A New York Times feature about 14-year-old Georgia native, Jalaiah Harmon, and her creation of the “original Renegade,” speaks of the dance’s viral movement. Harmon performed her dance at the NBA All-Star game and received recognition from the likes of Kim Kardashian and Michelle Obama. She appeared on “The Ellen Degeneres Show”.

D’Amelio and Easterling promoted their versions of the dance, which were viewed hundreds of times. Now, the two have posted a video featuring Harmon, in which the three did the original choreography together. 

According to LaJuné McMillian, a new-media artist and creative technologist behind the Black Movement Project, race is the reason for the discrepancy.
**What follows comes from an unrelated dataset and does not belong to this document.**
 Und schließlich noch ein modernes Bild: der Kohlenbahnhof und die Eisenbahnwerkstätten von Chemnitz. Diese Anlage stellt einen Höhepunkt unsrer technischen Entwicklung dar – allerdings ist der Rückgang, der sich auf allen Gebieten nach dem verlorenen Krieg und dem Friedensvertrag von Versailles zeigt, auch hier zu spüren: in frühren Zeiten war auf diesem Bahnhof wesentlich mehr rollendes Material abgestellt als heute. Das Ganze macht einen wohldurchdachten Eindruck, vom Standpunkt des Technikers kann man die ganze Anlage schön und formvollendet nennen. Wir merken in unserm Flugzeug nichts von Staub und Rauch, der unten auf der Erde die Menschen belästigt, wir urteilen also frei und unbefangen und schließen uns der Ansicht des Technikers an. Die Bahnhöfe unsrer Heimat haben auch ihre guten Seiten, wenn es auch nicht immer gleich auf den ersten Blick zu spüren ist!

“The appropriation of Black movement — the exploitation, the erasure of Black movement — isn’t a new thing,” McMillian told Yahoo. “America was built off of Black movement … and then to see, just, historically, how we even brought the movements from our ancestors here and transform them and use them to reconnect with one another to build new histories, new stories for us and our futures.”

“What this problem is really pointing at is this really foundational issue. And that is serious,” she added. “Ownership — and even defining what ownership means — is really important for us and for our younger folks, to be able to have the space and the time to reconfigure what that means for them. And not to just, you know, have that taken away as soon as they move.”